Data entries:
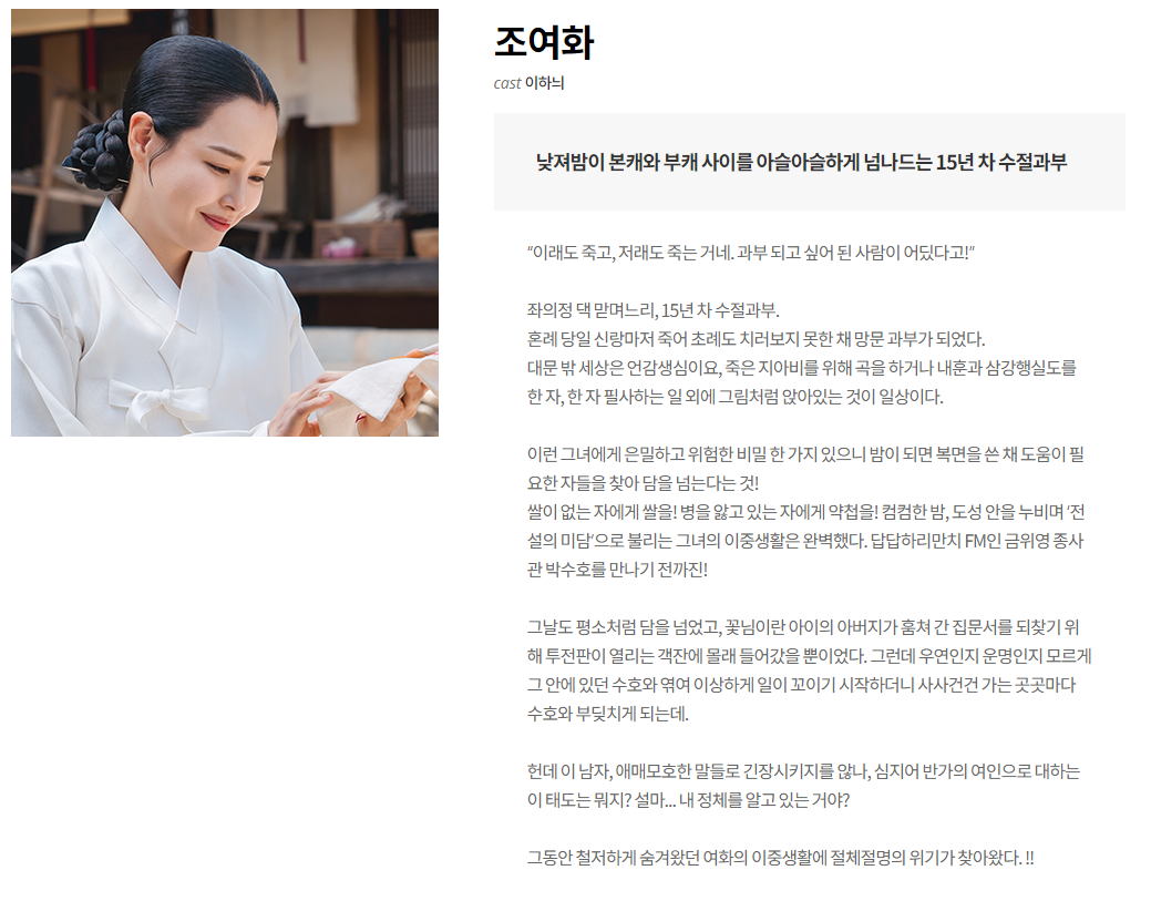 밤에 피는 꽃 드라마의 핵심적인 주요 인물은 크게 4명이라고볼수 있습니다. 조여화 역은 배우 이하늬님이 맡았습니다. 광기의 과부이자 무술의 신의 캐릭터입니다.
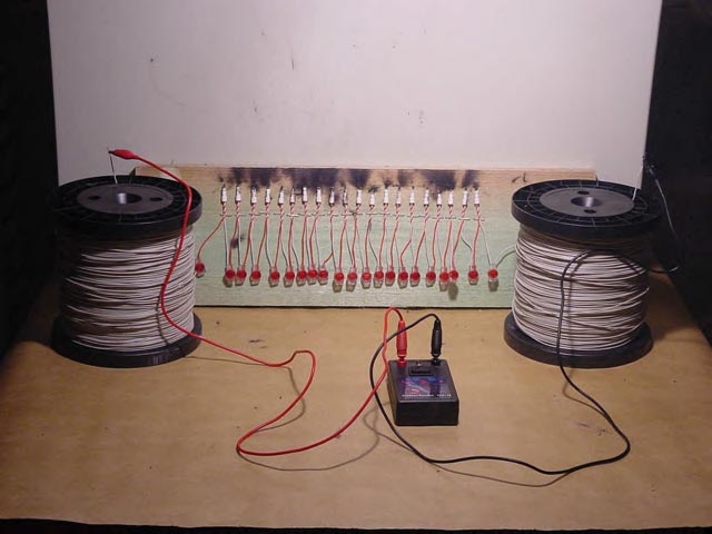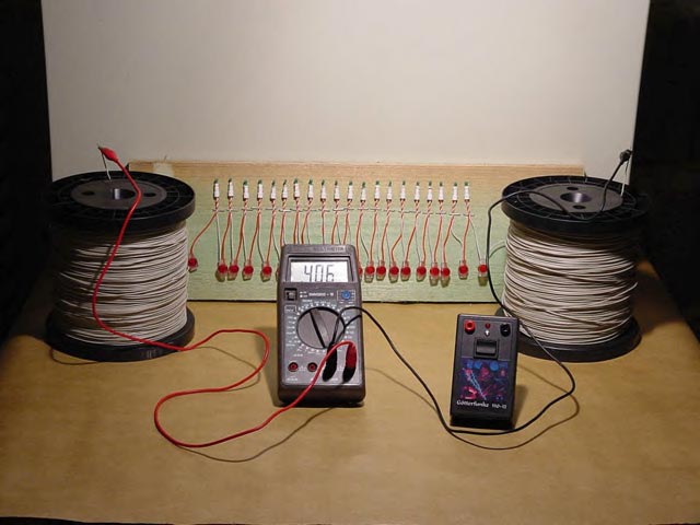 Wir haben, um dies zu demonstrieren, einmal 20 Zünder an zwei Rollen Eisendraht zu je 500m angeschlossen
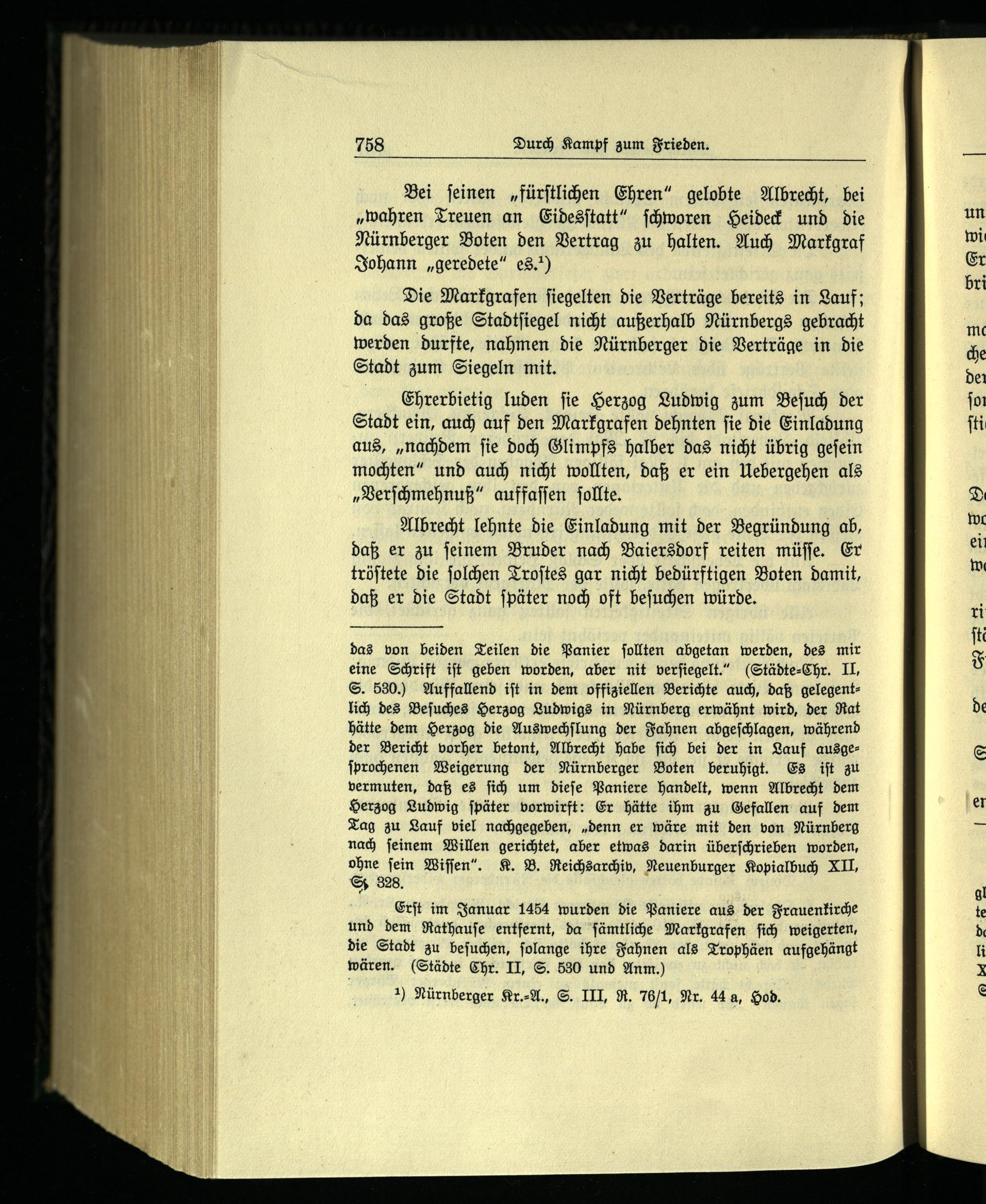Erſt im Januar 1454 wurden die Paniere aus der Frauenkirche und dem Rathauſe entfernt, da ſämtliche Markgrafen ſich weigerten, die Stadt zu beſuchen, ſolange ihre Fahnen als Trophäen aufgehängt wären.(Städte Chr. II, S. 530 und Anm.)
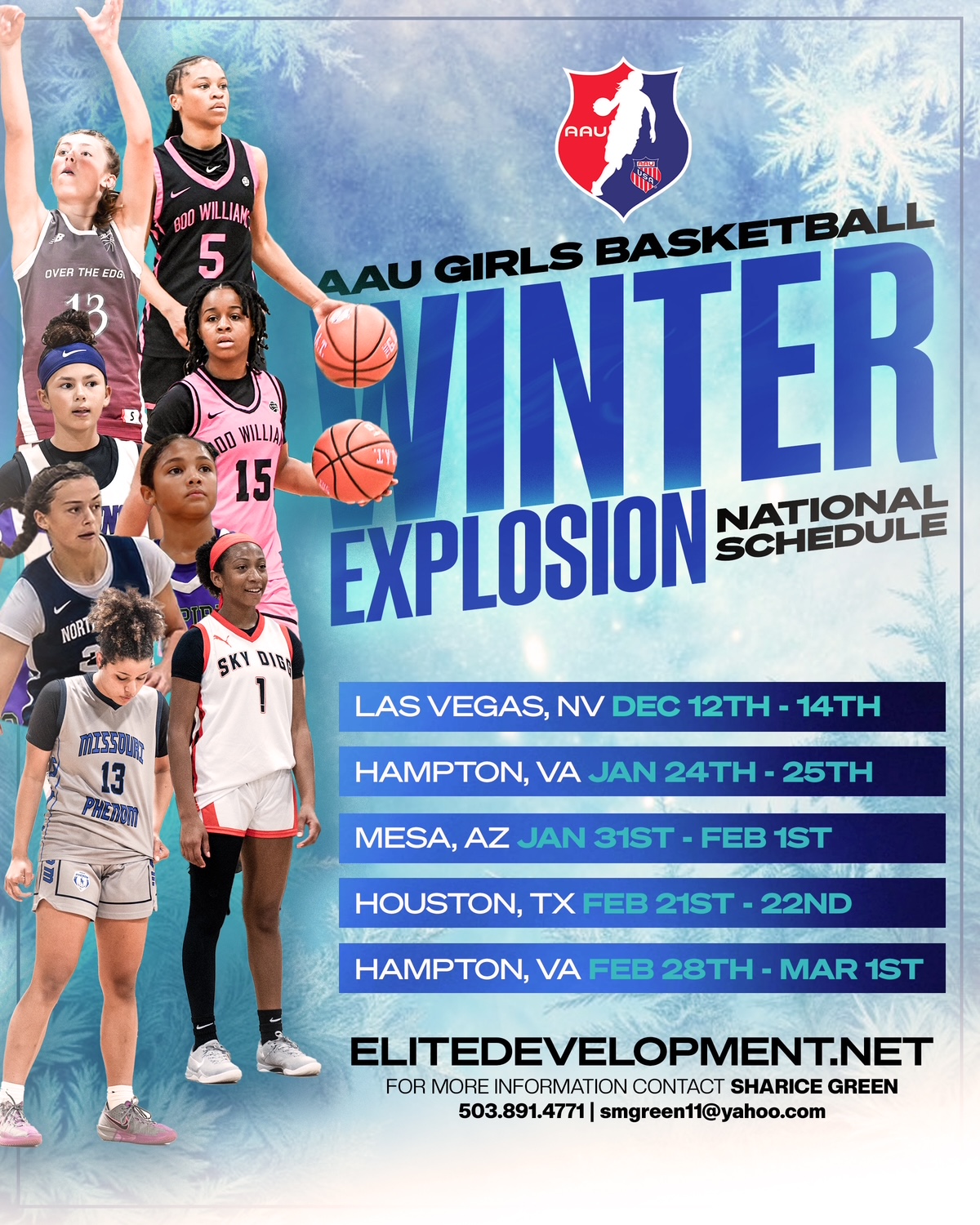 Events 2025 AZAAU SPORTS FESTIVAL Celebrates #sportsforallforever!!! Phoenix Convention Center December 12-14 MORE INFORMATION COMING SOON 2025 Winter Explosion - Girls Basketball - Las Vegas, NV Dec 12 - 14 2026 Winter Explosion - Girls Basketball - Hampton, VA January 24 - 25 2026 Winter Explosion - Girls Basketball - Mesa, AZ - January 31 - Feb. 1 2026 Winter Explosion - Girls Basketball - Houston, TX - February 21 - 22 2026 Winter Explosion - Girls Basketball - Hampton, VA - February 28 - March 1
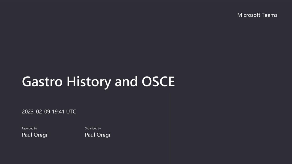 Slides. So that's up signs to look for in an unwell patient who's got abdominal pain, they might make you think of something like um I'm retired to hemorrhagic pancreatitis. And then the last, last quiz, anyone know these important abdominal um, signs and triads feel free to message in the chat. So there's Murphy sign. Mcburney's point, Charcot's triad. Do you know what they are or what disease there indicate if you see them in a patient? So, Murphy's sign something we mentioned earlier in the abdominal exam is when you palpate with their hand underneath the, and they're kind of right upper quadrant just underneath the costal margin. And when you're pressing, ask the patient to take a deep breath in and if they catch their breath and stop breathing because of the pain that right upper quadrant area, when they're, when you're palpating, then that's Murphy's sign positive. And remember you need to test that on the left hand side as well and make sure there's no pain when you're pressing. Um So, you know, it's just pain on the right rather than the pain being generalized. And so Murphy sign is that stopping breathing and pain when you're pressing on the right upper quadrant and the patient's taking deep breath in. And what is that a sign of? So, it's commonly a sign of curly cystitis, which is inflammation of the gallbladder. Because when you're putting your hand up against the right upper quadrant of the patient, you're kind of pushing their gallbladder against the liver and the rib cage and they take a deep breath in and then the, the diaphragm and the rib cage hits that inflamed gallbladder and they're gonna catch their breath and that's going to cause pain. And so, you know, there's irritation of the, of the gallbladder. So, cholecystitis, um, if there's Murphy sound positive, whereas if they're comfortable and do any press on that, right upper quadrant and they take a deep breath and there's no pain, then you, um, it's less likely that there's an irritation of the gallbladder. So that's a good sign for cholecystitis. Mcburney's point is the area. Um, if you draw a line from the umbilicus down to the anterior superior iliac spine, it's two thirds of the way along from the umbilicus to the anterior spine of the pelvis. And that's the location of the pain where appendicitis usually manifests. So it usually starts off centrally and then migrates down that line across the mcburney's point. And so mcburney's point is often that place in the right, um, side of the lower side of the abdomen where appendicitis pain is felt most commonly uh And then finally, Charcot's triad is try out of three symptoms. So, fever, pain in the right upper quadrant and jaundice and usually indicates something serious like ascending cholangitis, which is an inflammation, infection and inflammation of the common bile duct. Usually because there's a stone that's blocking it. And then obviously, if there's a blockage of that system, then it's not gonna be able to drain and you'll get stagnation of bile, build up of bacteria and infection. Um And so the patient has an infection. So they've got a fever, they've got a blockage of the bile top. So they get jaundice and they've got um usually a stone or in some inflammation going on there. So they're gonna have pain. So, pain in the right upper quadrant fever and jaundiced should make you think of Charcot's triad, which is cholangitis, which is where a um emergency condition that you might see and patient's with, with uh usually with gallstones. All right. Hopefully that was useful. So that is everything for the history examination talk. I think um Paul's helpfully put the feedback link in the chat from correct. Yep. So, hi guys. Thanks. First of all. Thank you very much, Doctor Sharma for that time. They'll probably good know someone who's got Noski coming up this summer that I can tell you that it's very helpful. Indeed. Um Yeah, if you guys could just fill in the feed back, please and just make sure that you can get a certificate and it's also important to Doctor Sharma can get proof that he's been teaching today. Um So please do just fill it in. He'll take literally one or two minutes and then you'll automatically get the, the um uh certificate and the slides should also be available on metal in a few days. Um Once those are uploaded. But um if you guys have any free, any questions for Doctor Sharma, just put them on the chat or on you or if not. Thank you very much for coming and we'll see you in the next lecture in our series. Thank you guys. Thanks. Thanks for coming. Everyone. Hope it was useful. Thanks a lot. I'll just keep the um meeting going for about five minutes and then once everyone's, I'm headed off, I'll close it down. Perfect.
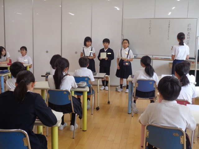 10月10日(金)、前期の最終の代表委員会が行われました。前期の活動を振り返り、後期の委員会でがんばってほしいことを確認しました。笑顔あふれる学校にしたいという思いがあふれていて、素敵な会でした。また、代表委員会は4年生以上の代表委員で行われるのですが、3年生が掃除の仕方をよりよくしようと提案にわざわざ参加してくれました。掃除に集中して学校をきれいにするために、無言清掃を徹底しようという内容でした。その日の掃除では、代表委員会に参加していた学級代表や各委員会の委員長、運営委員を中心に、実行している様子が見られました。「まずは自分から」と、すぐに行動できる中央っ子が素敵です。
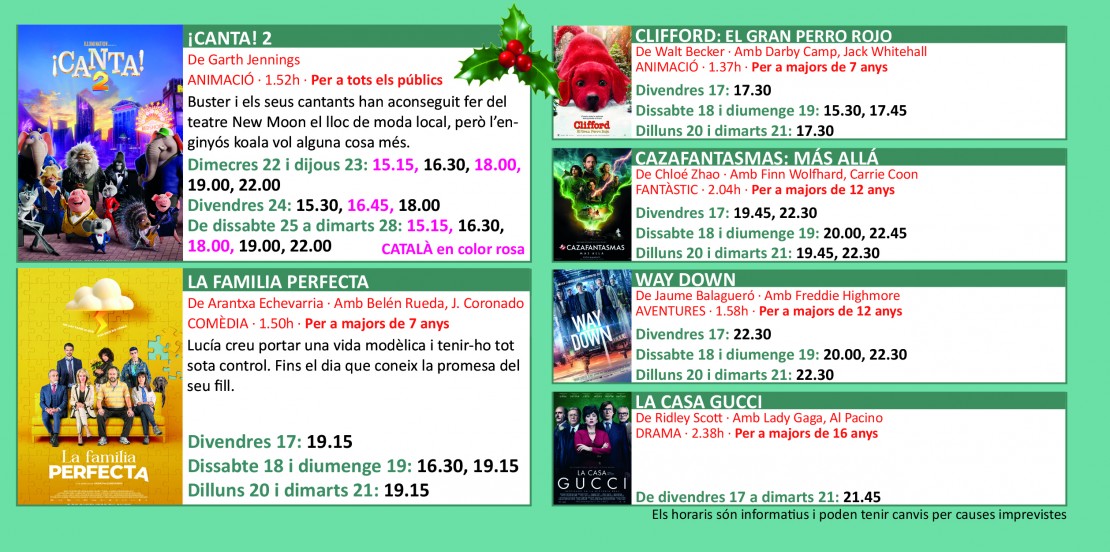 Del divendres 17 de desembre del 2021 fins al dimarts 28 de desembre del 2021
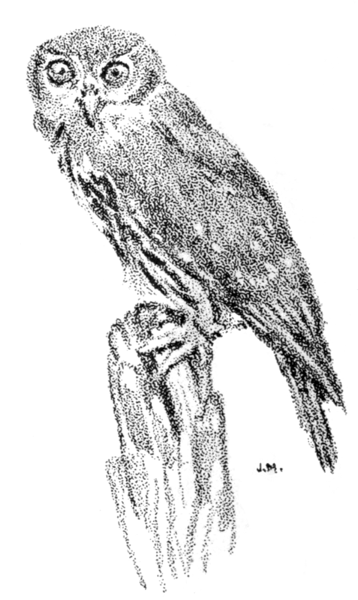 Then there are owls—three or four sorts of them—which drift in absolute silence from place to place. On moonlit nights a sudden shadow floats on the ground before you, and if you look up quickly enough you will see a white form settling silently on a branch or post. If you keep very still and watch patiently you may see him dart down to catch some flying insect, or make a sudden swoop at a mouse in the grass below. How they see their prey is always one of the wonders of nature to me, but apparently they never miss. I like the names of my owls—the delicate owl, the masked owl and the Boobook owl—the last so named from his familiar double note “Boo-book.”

**WHAT THE TASK ASKS**
Write out exactly the stretch of lines that begins with the line containing "10月10日(金)、前期の最" and ends with the last line of the records above, leaving out the pictures.

**ANSWER SPACE**
 10月10日(金)、前期の最終の代表委員会が行われました。前期の活動を振り返り、後期の委員会でがんばってほしいことを確認しました。笑顔あふれる学校にしたいという思いがあふれていて、素敵な会でした。また、代表委員会は4年生以上の代表委員で行われるのですが、3年生が掃除の仕方をよりよくしようと提案にわざわざ参加してくれました。掃除に集中して学校をきれいにするために、無言清掃を徹底しようという内容でした。その日の掃除では、代表委員会に参加していた学級代表や各委員会の委員長、運営委員を中心に、実行している様子が見られました。「まずは自分から」と、すぐに行動できる中央っ子が素敵です。
 Del divendres 17 de desembre del 2021 fins al dimarts 28 de desembre del 2021
 Then there are owls—three or four sorts of them—which drift in absolute silence from place to place. On moonlit nights a sudden shadow floats on the ground before you, and if you look up quickly enough you will see a white form settling silently on a branch or post. If you keep very still and watch patiently you may see him dart down to catch some flying insect, or make a sudden swoop at a mouse in the grass below. How they see their prey is always one of the wonders of nature to me, but apparently they never miss. I like the names of my owls—the delicate owl, the masked owl and the Boobook owl—the last so named from his familiar double note “Boo-book.”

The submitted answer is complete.